Zwyrol 19.10.2020 22:41
Komentarz usunięty

radzę 20.10.2020 10:27
Nie podsumowujemy pandemii na początku jej rozprzestrzeniania się.

Demokracja 20.10.2020 19:07
Przesunięte i odwołane wizyty u specjalistów, operacje. Zaprzestanie leczenia rakowców. Błędne diagnozy telefoniczne.

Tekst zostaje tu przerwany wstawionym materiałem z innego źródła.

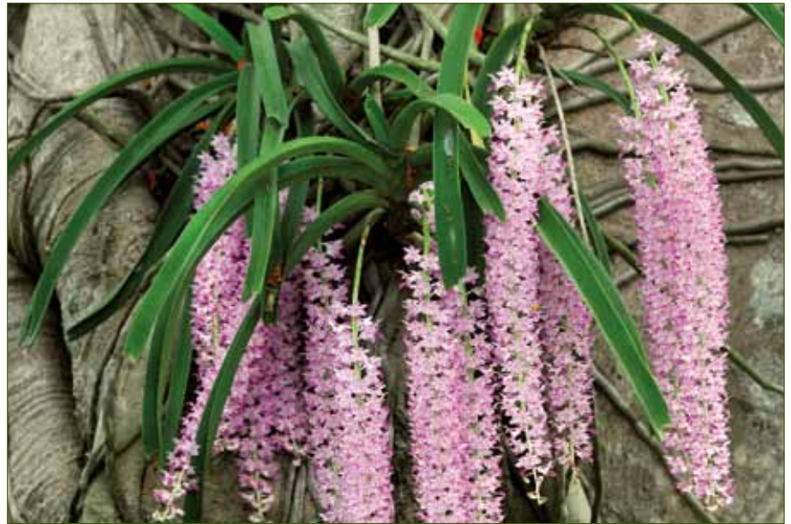
Rhynchosstylis retusa , bekannt als Fuchsschwanz-Orchidee, ist in ganz Bangladesch verbreitet.

Bislang wurden in Bangladesch keine spezifischen Schutz- und Forschungsprojekte für Orchideenarten betrieben. In den meisten Naturwäldern Bangladeschs wurden zahlreiche floristische Erhebungen durchgeführt. Die Ergebnisse zeigen jedoch Lücken in Bezug auf die Orchideenflora. Einige wildlebende Arten wurden in verschiedenen botanischen Gärten, die direkt vom Fachbereich Botanik verwaltet werden, an mehreren öffentlichen Universitäten in Bangladesch als Ex-situ-Erhaltung konserviert. Trotz der 53 Schutzgebiete im ganzen Land, die 3,1% der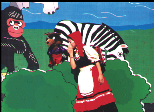
一元布偶劇團《小紅帽》演出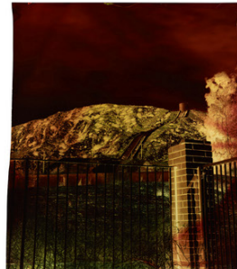
John Chiara Foothill at Balboa, (Variation B), 2012 série Los Angeles Image sur papier Endura tran...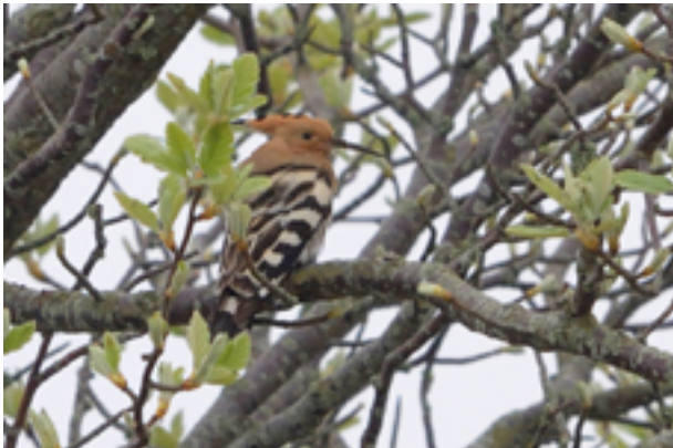
Härfågel vid gödselstacken 13 maj.

I fält observerades biätare både 3 och 12 maj. På morgonen 4 maj stöttes en dubbelbeckasin i nätområdet, men undgick tyvärr att fastna. Senare samma dag sågs ett ringtrastpar längs grusvägen mellan Skoge och Digrans. Med sydvindarna 10 maj kom säsongens första sommargylling som sågs rasta vid Hoburgsklippan.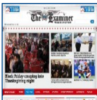
The Washington Examiner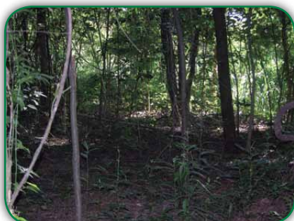
Área de mata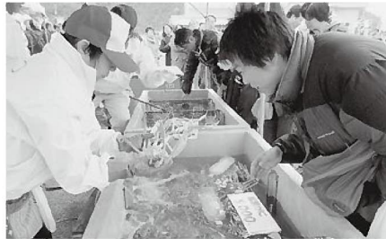
目利きを教わりながら買っていきます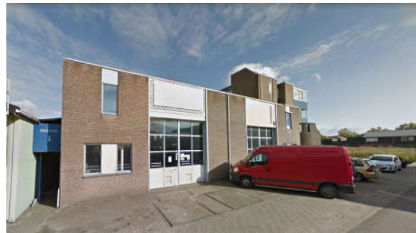
Afbeelding 5: Foto's bestaande situatie (het gebouw De Drie Bogen is nog te zien maar recent gesloopt)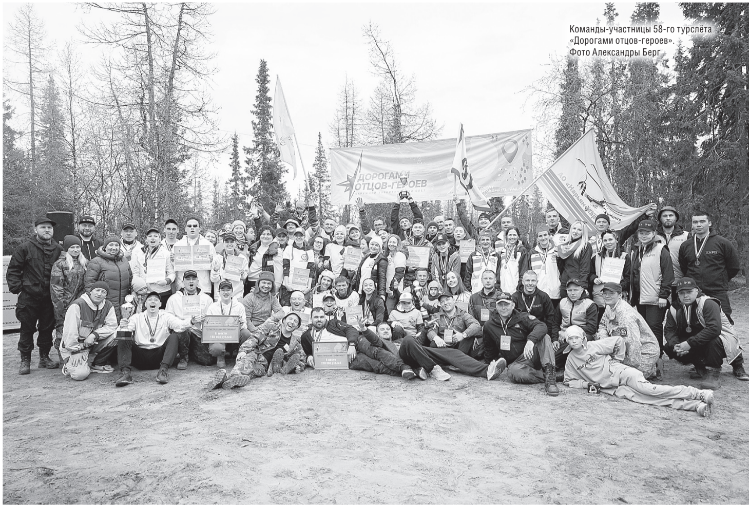
Команды-участницы 58-го турслёта «Дорогами отцов-героев»

paradoks jak z Pytona.... 20.10.2020 21:50
A najzabawniejsze w tym smutnym świecie jest to, że dzięki temu liczba zgonów zmalała... Idioci powiedzą "nie ma wirusa" - normalni - że ludzie zwolnili tempo, drogi były miesiącami luźniejsze, wypadków w pracy i w drodze do szkoły mniej... No i zatruć pokarmowych, zakażeń też mniej - bo i dystans większy i higiena większa, i gastronomia zamknięta... Tylko tych 3700 osób żal - bo mogły jeszcze pożyć. I tych pozostałych, którym choroba skróciła życie.... Co odbije się w przyszłości....

Demokracja 20.10.2020 07:52
Trafne porównanie: 50% VS 0,0095% śmiertelności.

do głupka 20.10.2020 09:24
aleś ty kłamca - jak ten Janek od wierszowanek, co jak do starostwa poszedł to i zapomniał o swoich poglądach... Jaki promil śmiertelności? Jak już umarło POTWIERDZONYCH ponad 3000? To ile według ciebie zachorowało? Cała Polska?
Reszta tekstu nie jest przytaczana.